From a May 29, 2026, video uploaded to the YouTube channel of CNBC Television

JOE KERNEN (CO-HOST): New reporting this morning on higher gasoline prices and the impact on spending. Senior economics reporter Steve Liesman joins us now.

STEVE LIESMAN (CNBC SENIOR ECONOMICS REPORTER): The gas bill, Joe, from the surge in oil prices is starting to add up for consumers, raising concerns about whether the resilient consumers so far can hang on much longer. Mark Zandi at Moody's.com, he calculated the total bill so far, at the request of CNBC. I asked him for this a couple of days ago, that's how I knew it was coming.

He finds it equals $59 billion, made mostly of gasoline. Then there's a diesel cost and an implied jet fuel cost, those higher airline fees. That amounts to about $450 per household, a cost that's been manageable, in part, because you can see there, bigger tax refunds have offset it. But in mid-May, you can see the extra fuel costs outstrip the refunds, that's averaged about $380. So, now it's higher.

Zandi warning, "Unless the war ends soon, financially pressed consumers will have no option but to turn more cautious in their spending, threatening the already soft economy." And Goldman Sachs has come to a similar conclusion. They wrote in a report, "We believe that the recent resilience in spending largely reflects an outsized boost from the OBBBA-related tax cuts and expect that spending headwinds from higher inflation will weigh on spending growth for the rest of the year."

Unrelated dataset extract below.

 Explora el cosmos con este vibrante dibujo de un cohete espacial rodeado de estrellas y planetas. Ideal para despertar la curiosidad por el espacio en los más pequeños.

Now, the potential offsets to this, you could have better job growth, you could have better wage growth, and also you might have expanded oil production and reinvestment of those petrodollars. In the meantime, for now, real incomes, consumers adjusted for inflation, real incomes have fallen in 5 of the past 7 months. And there's the year over year rate, and that includes the past 3, as inflation has taken a bite.

LIESMAN: Zandi estimating, if we go on the way we've been going, prices stay at the current level, it's going to be about a $2,000 hit per household once you do the one year anniversary of the start of the war.

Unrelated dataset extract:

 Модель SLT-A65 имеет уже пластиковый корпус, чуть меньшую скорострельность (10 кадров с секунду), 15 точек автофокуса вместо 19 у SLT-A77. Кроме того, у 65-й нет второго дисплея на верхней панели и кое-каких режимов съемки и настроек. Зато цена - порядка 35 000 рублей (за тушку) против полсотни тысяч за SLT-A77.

KERNEN: You tell us where we are currently. I don't know where we're going. I mean, the futures, the oil futures did come down. We're in this 60-day thing.

LIESMAN: Yeah.

KERNEN: I don't know what, you know, it'll take time to get rid of the mines, take time to get things flowing again, take time to get things to refiners. So, we're talking 6 months anyway, aren't we, Steve?

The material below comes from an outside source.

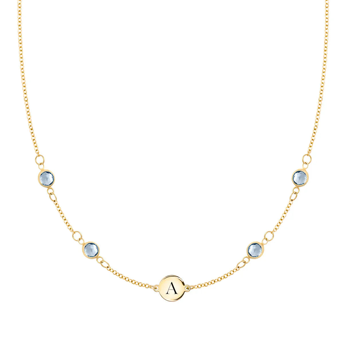 1.0CT Round Aquamarine Diamond March Birthstone Latter Necklace

LIESMAN: Joe, this is really weird, and I've been reporting this other side of it, which is obviously, if you want to know what's going to happen to the consumer, you gotta know what's happened to oil. So, I was talking to our friend [energy analyst John] Kilduff yesterday, and he talked about this idea of the kink in the fire hose.

And you know what that kink is? It's 175 million barrels that are sitting loaded on ships in the water. This is why you don't have $150 barrel oil, or $200 barrel of oil. That's because if you can make that deal with Iran, then that kink opens up, and this oil comes flooding onto the market, and you're going to have a reasonable response. The weird thing about all this is what you don't have once you get on the other side of that 170, you don't have anything behind it, so the actual hit could be another year from now. Meanwhile, we might get some relief.

Also, Joe, if you take a look at what's happening to U.S. inventories, they're plunging. So, we're getting close to some kind of reckoning point here if we don't open up the strait relatively soon. And I know that's been said for the last couple of months, so you want to be a little bit wary about that, but the math is the math when it comes to the inventories here.